Posted in Uncategorized | Leave a comment

Citing Dynamic datasets

There’s an assumption in data citation that all the datasets in a repository are fixed and final, just as a research paper when published is in it’s fixed and final form.

In practice this isn’t quite true, there’s a lot of use case where the data in a datastore is subject to change – the obvious cases being longitudinal or observational studies, which these days can be extended to cover datasets derived from automated sensors, with consequent errors due to technical failures, and subsequent fixups.

Most researchers actually only work on an extract of the data, and current best practice is to redeposit the extract along with a description of how it was created as if it was a new dataset.

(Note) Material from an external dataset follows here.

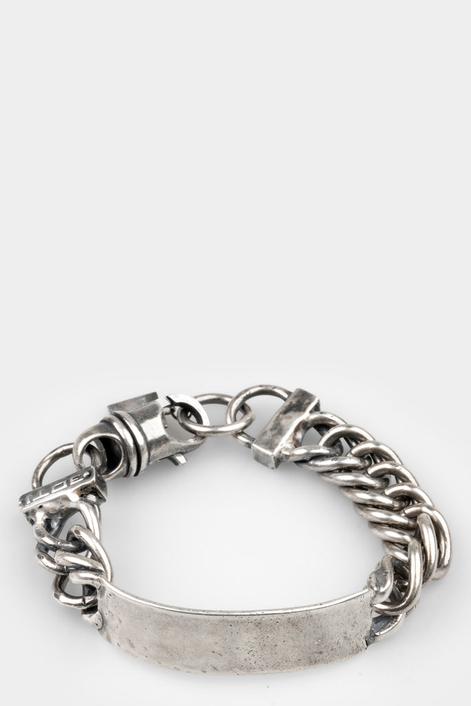 Men's chunky silver chain bracelet featuring a shaped plate part and silver clasp from GOTI.
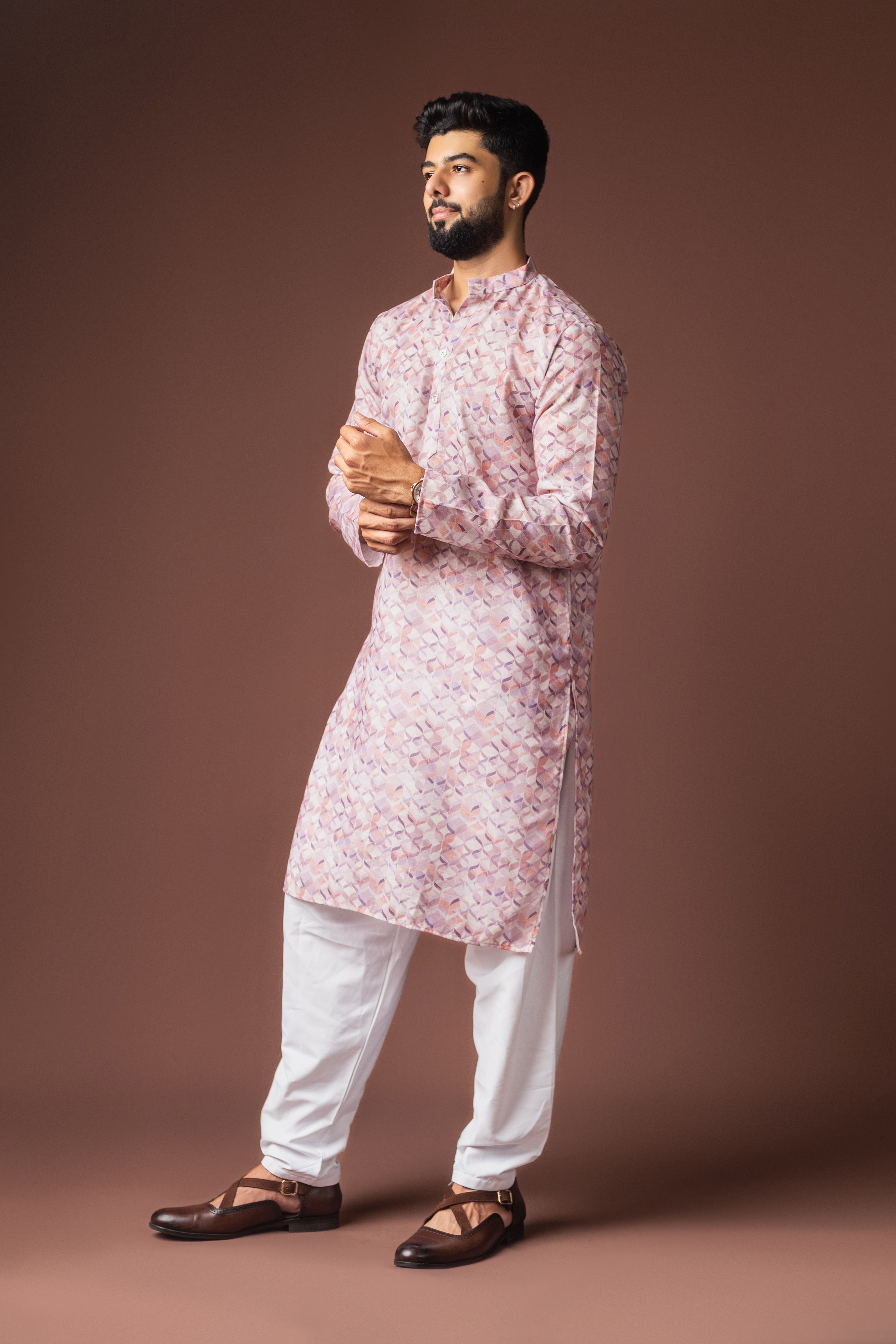 Pink Color Blended Linen Designer Printed Stylish Kurta Payjama For Mens'

This is fine for small datasets, but does not scale well for big data, be it numerical, sensor based, or evenworse multimedia – video recordings of language and accompanying transcripts being one use case.

I have previously thought about using bazaar, subversion or git as a version control system, creating a new object each time the dataset updates, but that also suffers from scaling problems, but at least ahs the benefit of being able to recreate the extract against the dataset at a known point in time.

Consequently I was interested to hear Andreas Rauber of the University of Vienna speak on the Research Alliance approach to dynamic dataset citation [PDF of my webinar notes].

Essentially their approach is to use standard journaling techniques to track changes to the data base and to store timestamped queries to allow a query to be rerun against a dataset in a known state to recreate the extract. This approach is highly scalable as regards storage and allows the flexibility of rerunning queries against the datset as was at prior point in time or against the current dataset.

As a solution it seems quite elegant, my only worry would be the computational power required to handle and rerun changes where the dataset has been very cahtty with many updates as would be the case with some automated sensor derived datasets.

I also wonder about its applicability to datasets which are essentially executable binary elements such as iPython notebooks and other forms of mathementical models, but undoubtedly this approach solves the problem of continually redepositing dataset extracts with their consequent impact on storage – but then, this week at least, storage is cheap …

Posted in Uncategorized | Leave a comment

The Data Commons and GitHub

Over the past few months there’s been a growing interest in archiving software projects, such as can be done via Zenodo. This is part of more general problem – as researchers increasing use environments such as iPython notebooks for their resercah there’s a growing need to archive these notebooks to allow a replay of the determination of the results.

Inspired by Stuart Lewis’s recent post on a GitHub to repository deposit we’ve recently added a mechanism to the Data Commons to allow the import of metadata from GitHub to the Data Commons, allowing the creation of an object record for a GitHub project.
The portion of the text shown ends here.